Pekin merkezli stüdyo Trace Architecture Office (TAO), Librairie Avant-Garde tarafından yaptırılan Çin'in Nujiang Eyaletindeki Nujiang Grand Canyon Kitabevini tamamladı. Bir çift köşeli beton hacim olarak tasarlanan kitabevi, Gaoligong Dağları'nın tepesinde konumlamdırılmış. 2021 yılında TAO, Librairie Avant-Garde'ın bölgeye yayılma çabalarının bir parçası olarak Nujiang Eyaletinde üç yeni mağaza tasarlamaya davet edildi.
Trace Mimarlık Ofisi (TAO) tasarım ekibi, Nujiang Büyük Kanyon Kitabevi'ni Gaoligong sırtına tünemiş bir Lisu yerleşimi olan Yangpo Köyü'nün girişi boyunca konumlandırıyor. Kuzeybatı Yunnan'a 16. yüzyılın ortalarında göç eden Lisu halkının bölgeyle derin bir kültürel bağı var. Lisuların arbalet ve ok gibi kendilerine özgü aletleri, zorlu araziye uyumlarını simgeleyerek projenin tasarımına ilham verdi.
Kitabevinin köyün kenarında, kanyona bakan konumu, doğal olarak onu uygarlık ve doğa arasında bir sınır olarak konumlandırıyor. Başlangıçta tamamlanmamış bir seyir platformu olan alan, kanyonun panoramik manzarasını sunarak mimarların ileriye doğru uzanan yapı konseptini etkiledi. Binanın asma tasarımı, okuyucuların çevredeki dağların geniş manzaralarına dalmasına olanak tanıyarak bulutların arasında yürüyormuş hissi yaratıyor.
TAO'nun tasarım yaklaşımı, Nujiang Büyük Kanyon Kitabevi'ni çevreleyen ortamla da rezonansa giren çağdaş bir mimari dönüm noktası yaratma zorluğunu ele alıyor. Eğimli çatılı konutları ve dağ sırtı boyunca uzanan organik gelişimiyle Yangpo Köyü, mimarlara yanıt vermeleri için hem doğal hem de kültürel bir bağlam sağladı. Kitabevi, köyün geleneksel formlarına atıfta bulunurken modern bir tasarım dilini benimsiyor ve geçmiş ile bugün arasında bir köprü oluşturuyor.
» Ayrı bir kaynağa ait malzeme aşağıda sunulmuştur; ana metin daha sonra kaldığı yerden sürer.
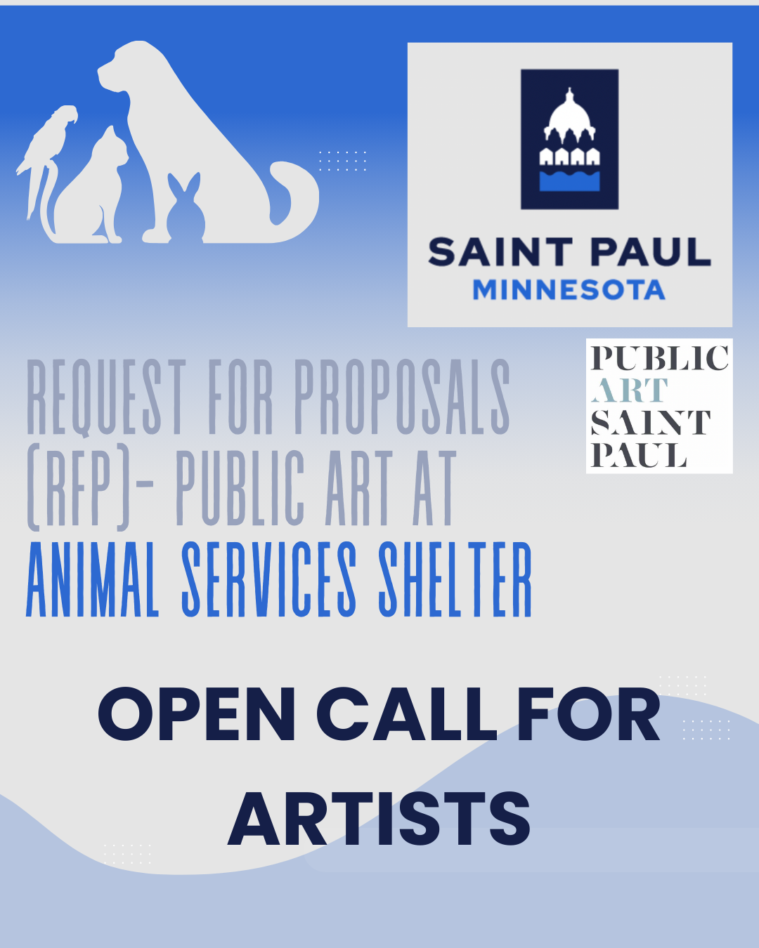 The City of Saint Paul in partnership with Public Art Saint Paul is pleased to invite artists and artist teams to submit proposals for a site-specific public art installation at a new animal services shelter facility located at 1115 Beulah Lane. Proposals are encouraged to be welcoming, inspiring, and resonate with both the animal services shelter’s mission and the public. NOTE: you do not have to be a public artist to qualify other than being capable of pulling fabricators and contractors together to realize your vision.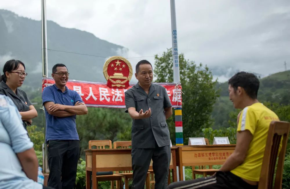 贡山县人民法院法官邓兴与同事们在丙中洛镇进行现场调解(8月30日摄)。新华社记者 江文耀 摄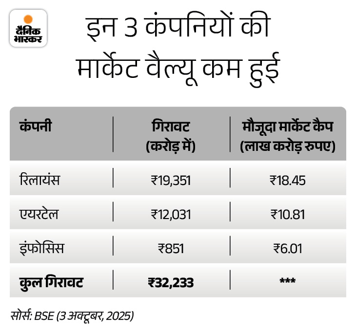 SBI का मार्केट कैप 9,277 करोड़ रुपए बढ़कर ₹8 लाख करोड़ पर पहुंच गई। वहीं, देश की सबसे बड़ी कंपनी रिलायंस इंडस्ट्रीज लिमिटेड का मार्केट कैप 19,351 करोड़ रुपए गिरकर ₹18.45 लाख करोड़ पर आ गया है। इसके अलावा, एयरटेल और इंफोसिस की वैल्यू भी गिरी है।

Binanın geometrisi, Gaoligong Dağları'nın dik yamaçlarını yansıtan eğimli formlarla karakterize ediliyor. Yay kirişi üzerindeki bir oku andıran dinamik şekli, Lisu kültürel totemi olan yaylı tüfekleri yansıtıyor. Dış duvarlardaki çoklu açıklıklar, kanyonun belirli manzaralarını yakalamak için konumlandırılmış ve binayı çevresindeki manzara ile birleştirmiş.
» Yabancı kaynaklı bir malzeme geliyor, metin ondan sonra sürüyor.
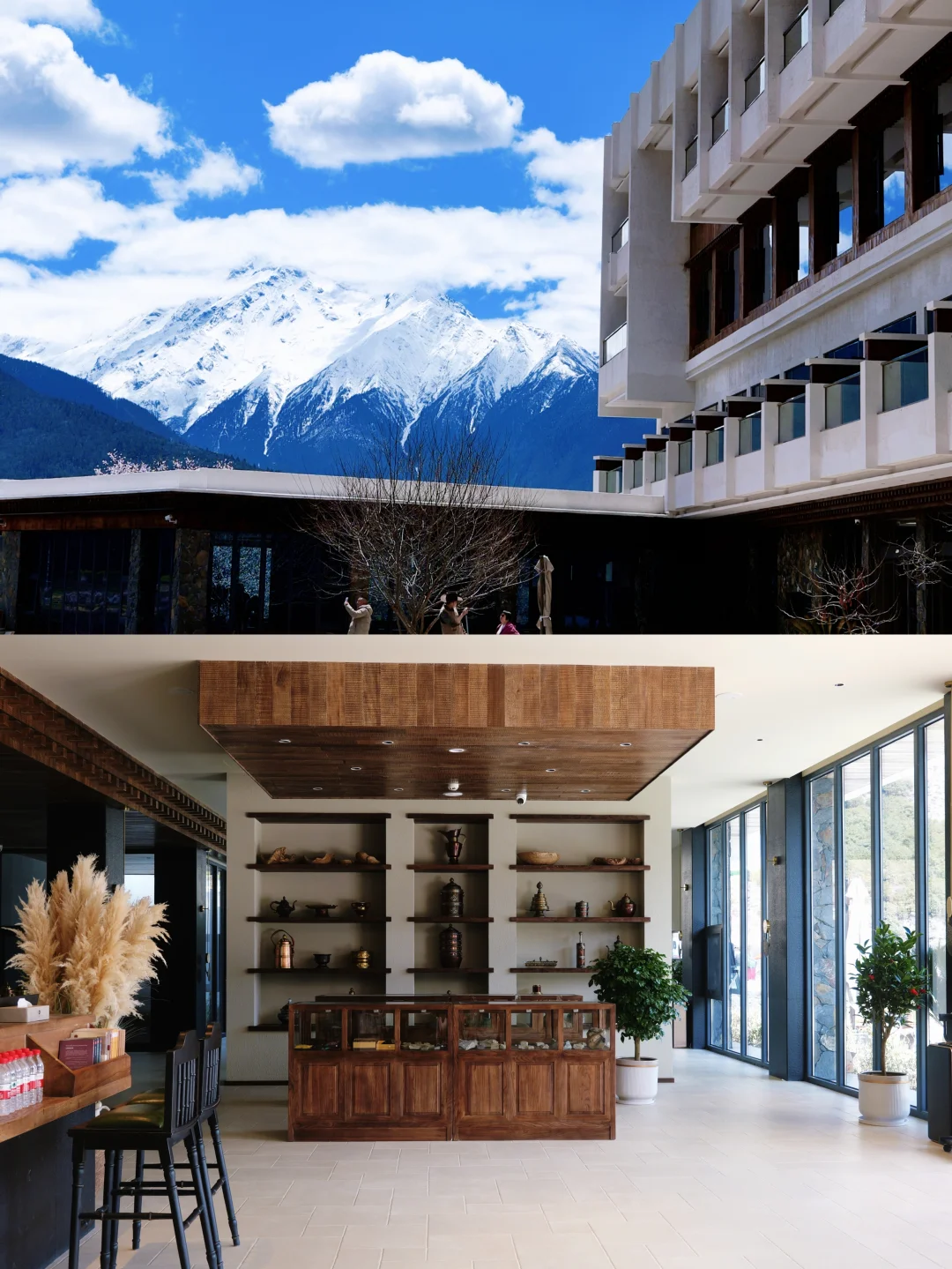 🍽餐厅:落地窗正对多雄拉雪山,吃顿饭宛若置身在画里

Kitabevi, her biri farklı mekânsal deneyimler sunan üç kattan oluşuyor. Ziyaretçiler yolculuklarına, eğimli bir çatıya sahip yüksek bir kafenin sakin bir atmosfer yarattığı en üst katta başlıyor. Orta kat, dış ortamdan korunma hissi veren ağır beton duvarlarıyla kitapçıya ev sahipliği yapıyor. En alt katta, çatı pencereleriyle aydınlatılan bir tiyatro alanı, performanslar ve toplantılar için sakin bir ortam yaratıyor.
Tiyatronun önemli bir özelliği, günde bir kez açılıp kapanan ve ziyaretçileri hem doğal dünya hem de edebi sanatlarla bağlantı kurmaya davet eden altı metre uzunluğundaki kafur ağacından bir çift kapı. Binanın dış sirkülasyonu kanyonun topografyasını yansıtarak ziyaretçileri dar bir giriş alanından kanyon manzarasının açıklığına yönlendiriyor. Binanın kamusal terasları sürekli açık tutularak hem köylüler hem de ziyaretçiler için ortak bir alan yaratılmış.